=== The data ===
- - - -

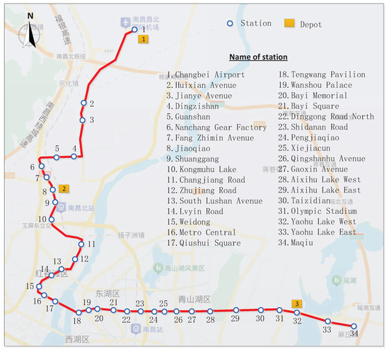 Nanchang Metro Line 1 officially commenced operations in December 2015. In February 2022, it was approved to initiate the construction of the east extension and the airport extension projects, which are planned to be fully connected by the end of June 2025. The entire line features 34 stations, spans a total length of 50.17 km, and is equipped with three depots: Changbei, Jiaoqiao, and Yaohu. Figure 3 shows the specific route and station distribution.
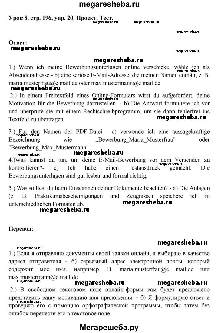 Подробный решебник (ГДЗ) по Немецкому языку за 11 (одиннадцатый) класс Wunderkinder Plus - готовый ответ страница - 196. Авторы учебника: Радченко, Лытаева, Гутборд, Базовый и углубленный уровень. Издательство: Просвещение 2018-2024.
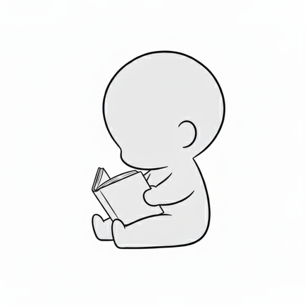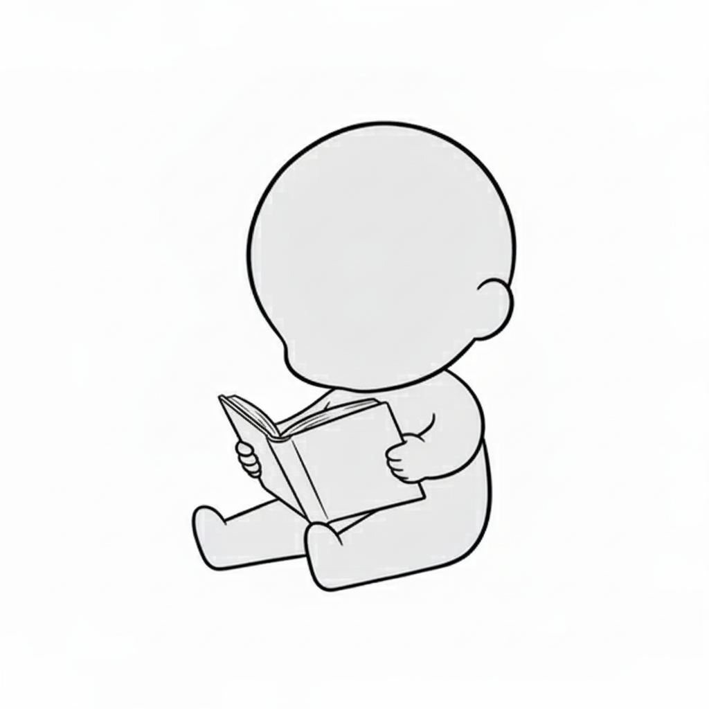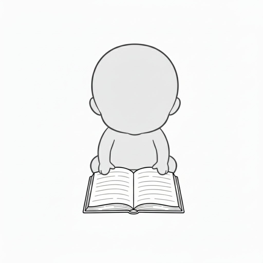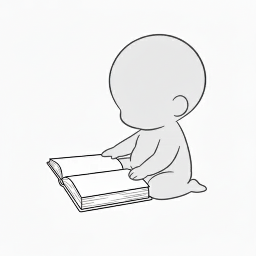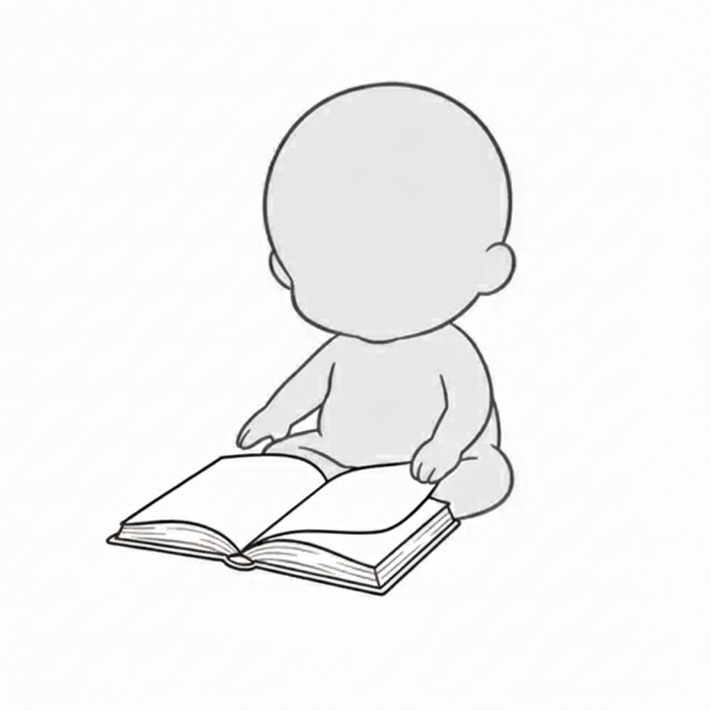 開いた本を床に置き前のめり気味にのぞき込む赤ちゃんを描いたポーズで、好奇心いっぱいの読書シーンを表現したいときに役立ちます。
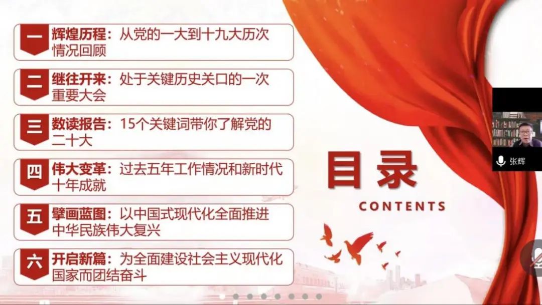 党委书记张辉组织学院全体教职工共同学习党的二十大精神,张辉从光辉历程、继往开来、数读报告、伟大变革、擘画蓝图、开启新篇六个方面向全体职工全面解读党的二十大精神。在会议中,张辉首先带领大家回忆了党从一大到十九大的历次情况,并强调党的二十大是处在关键历史关口的一次重要会。张辉强调,学习贯彻党的二十大精神要牢牢把握过去五年工作和新时代十年伟大变革的重大意义,要将贯彻党的二十大精神与日常工作结合起来,不断推动学院各项工作再上台阶。

- - - -

=== Task instructions ===
The material should be returned verbatim, with all images omitted.

=== Exercise solution ===
 Nanchang Metro Line 1 officially commenced operations in December 2015. In February 2022, it was approved to initiate the construction of the east extension and the airport extension projects, which are planned to be fully connected by the end of June 2025. The entire line features 34 stations, spans a total length of 50.17 km, and is equipped with three depots: Changbei, Jiaoqiao, and Yaohu. Figure 3 shows the specific route and station distribution.
 Подробный решебник (ГДЗ) по Немецкому языку за 11 (одиннадцатый) класс Wunderkinder Plus - готовый ответ страница - 196. Авторы учебника: Радченко, Лытаева, Гутборд, Базовый и углубленный уровень. Издательство: Просвещение 2018-2024.
 開いた本を床に置き前のめり気味にのぞき込む赤ちゃんを描いたポーズで、好奇心いっぱいの読書シーンを表現したいときに役立ちます。
 党委书记张辉组织学院全体教职工共同学习党的二十大精神,张辉从光辉历程、继往开来、数读报告、伟大变革、擘画蓝图、开启新篇六个方面向全体职工全面解读党的二十大精神。在会议中,张辉首先带领大家回忆了党从一大到十九大的历次情况,并强调党的二十大是处在关键历史关口的一次重要会。张辉强调,学习贯彻党的二十大精神要牢牢把握过去五年工作和新时代十年伟大变革的重大意义,要将贯彻党的二十大精神与日常工作结合起来,不断推动学院各项工作再上台阶。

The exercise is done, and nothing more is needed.